Askia Toure and his two sisters, Sakina and Zahira, were able to turn to the Islamic Society of Greater Houston, Texas, when their mother died of uterine cancer in 2015. The society helped Sakina, who was the only sibling that lived close to her mother when she died, to wash and shroud her mother’s body according to Islamic practice. Two days later, their mother was placed in a plot she had pre-chosen. “That’s how we’ve been raised,” Askia said, “to bury each other with dignity as soon as possible for the least amount of pain or debt inflicted on those who are still here.” When families can’t cover the cost, the community that makes up the membership of the Islamic Society pitches in. Even before Askia’s mother died, the society’s members had contributed to cover the medical costs of her final illness, using a crowdsourcing page. 

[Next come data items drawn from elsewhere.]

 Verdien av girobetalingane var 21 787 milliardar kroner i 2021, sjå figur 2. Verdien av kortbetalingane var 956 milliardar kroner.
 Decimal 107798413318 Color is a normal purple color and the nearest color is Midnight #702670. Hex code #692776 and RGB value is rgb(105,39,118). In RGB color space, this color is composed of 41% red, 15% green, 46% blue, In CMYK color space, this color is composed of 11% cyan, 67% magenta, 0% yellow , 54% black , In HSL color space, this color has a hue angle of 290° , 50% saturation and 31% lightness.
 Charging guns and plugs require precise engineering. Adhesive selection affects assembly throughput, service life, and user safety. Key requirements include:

Crowdfunding for the funerals themselves is now common. Just one site alone, Go Fund Me, boasts that every year it raises $330 million for some 125,000 memorials (a level of contributions that averages out at $2,640, about a third of the typical funeral’s costs). These sites are especially important for families like the Toures because black American households have less wealth than any other racial or ethnic group in the country. When a large, one-off expense like a funeral needs to be paid, the choice facing such families is often brutally simple: ask for help or sell the car.

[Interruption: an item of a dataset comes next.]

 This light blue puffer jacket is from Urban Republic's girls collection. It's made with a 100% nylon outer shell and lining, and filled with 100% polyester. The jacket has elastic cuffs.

Even with a community behind you, bargain-hunting is still important. Non-funeral home options are still limited—and, in fact, can often be even more expensive. You can, it is true, order a cardboard casket from Amazon for as little as $235, but then what? Most states have strict laws about where and how you can dispose of a body. Shopping around for professional funeral services is still the better option for most people. “You can find prices that range from $700 to $4,000 for the same basic service,” said Slocum. “The grief will come, but the terror [of financial ruin] doesn’t have to.”

Funerals are hard because they force us to manage a very practical matter that is simultaneously a profoundly emotional one—to make arrangements amid tumultuous feelings. One thing that can help is to have talked to a loved one before she dies about the kind of funeral she’d want. When it was time for the conversation that Jerry Burton wanted about his desire for a cheap send-off, his daughter-in-law, Melody Burton, a marketing and communications manager from Gresham, Oregon, was apprehensive. But it turned out to be a blessing, not a trauma. “You don’t get to talk about things that are so deeply personal like that very often,” she told me. “It was a beautiful time.”